分卷阅读3(4/4)
闻雪也看向云介,但见她一张方中带圆脸面,眉目清秀刚健,顾盼生辉,唇边带些浅笑,身上穿着白绫衫、青裙子,颇有光风霁月之美。闻雪在家时,常见女子们在元宵时如此打扮,但最多占个秀雅二字,不似这等气派。
云介走到她面前道:“敢问姑娘尊姓大名,家住何方,为何悲伤?”闻雪将经历之事一一说了,云介劝道:“金姑娘,人固有一死,起死回生也是虚妄,你母亲为你而死,倘若她知道你如此沉郁不起,也不会高兴,你不要再哭了。”
“话虽如此,可痛失了慈母,谁能不悲?”闻雪擦擦泪水,又问:“尚不知小姐名讳?”
“悲伤总有尽头,日子总还要过,金姑娘,你若是尽了孝心,也不必空叹,若是没有,也是悔之晚矣,变生不测,谁能评说,金姑娘,你要真的有心,就该快快病好,安葬她的遗体,替她申冤,也是尽了最后一份力。至于我,我叫张云介,我没你这般遭遇,可也无奈逃到这里,我们是有缘,你也该珍惜这段缘分吧。
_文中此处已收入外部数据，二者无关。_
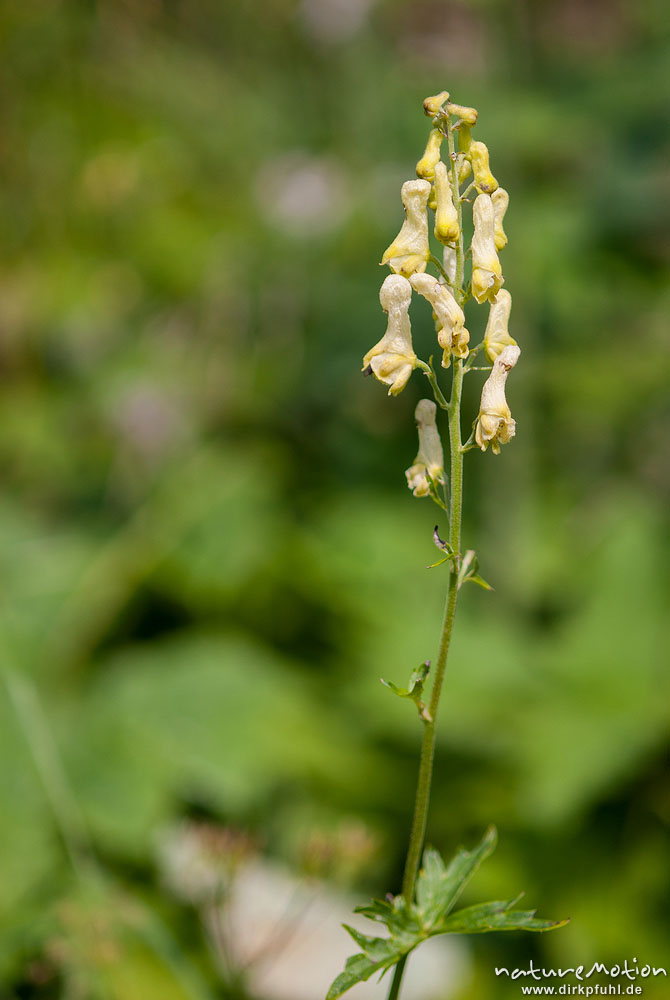 Wolfs-Eisenhut, Gelber Eisenhut, Aconitum lycoctonum, Hahnenfußgewächse (Ranunculaceae), Blütenstände und Laubblätter, Höllentalklamm, Wetterstein, Garmisch-Partenkirchen, Deutschland

”
闻雪看了看她,点点头,又对翠屏道:“翠屏,恩公可曾说过我现下病情怎么样?”
翠屏这才松口气,道:“闻雪,你舜哥儿说了,不要叫他恩公,叫他许大哥或公舜,好了,他说起身没有什么妨碍,只是要多加些衣服,故而叫我给你备了斗篷,我想久卧也不好,你不如起来坐一会儿、走一会儿吧。”
于是翠屏便替她穿上衣裳,内衬一件红衫,外面穿着藏青色半袖衫,下穿红色马面裙,披上一领月白斗篷,都是翠屏用心所备,穿在她身上倒也合适,可惜病中形容憔悴了些,不然更添光彩。
云介站在窗口等她穿好,转身道:“金姑娘,我们到园中逛逛好么?”她点点头,却突然站住了,看看自己身上的衣裳,又看看翠屏的,道:“你们如何给我穿这样好衣服,你自己穿的还不如我的。”
翠屏才将被褥整理好了,听了这话,不禁眉头一皱,道:“这衣服原是我们少夫人留下的,舜哥儿说,旧衣服都给人,我也有两件在那里,他小时穿的都与了别家儿童了,这套和另外一套,是最后两套了。”说罢,转过脸去。
云介看着闻雪身上的衣服,觉得它虽看着像放了很久的,却并无穿过洗过的痕迹,又隐约感到翠屏身上一股悲伤之气,她分明隐瞒着什么。云介也不问她,依旧对闻雪道:“我们走吧。”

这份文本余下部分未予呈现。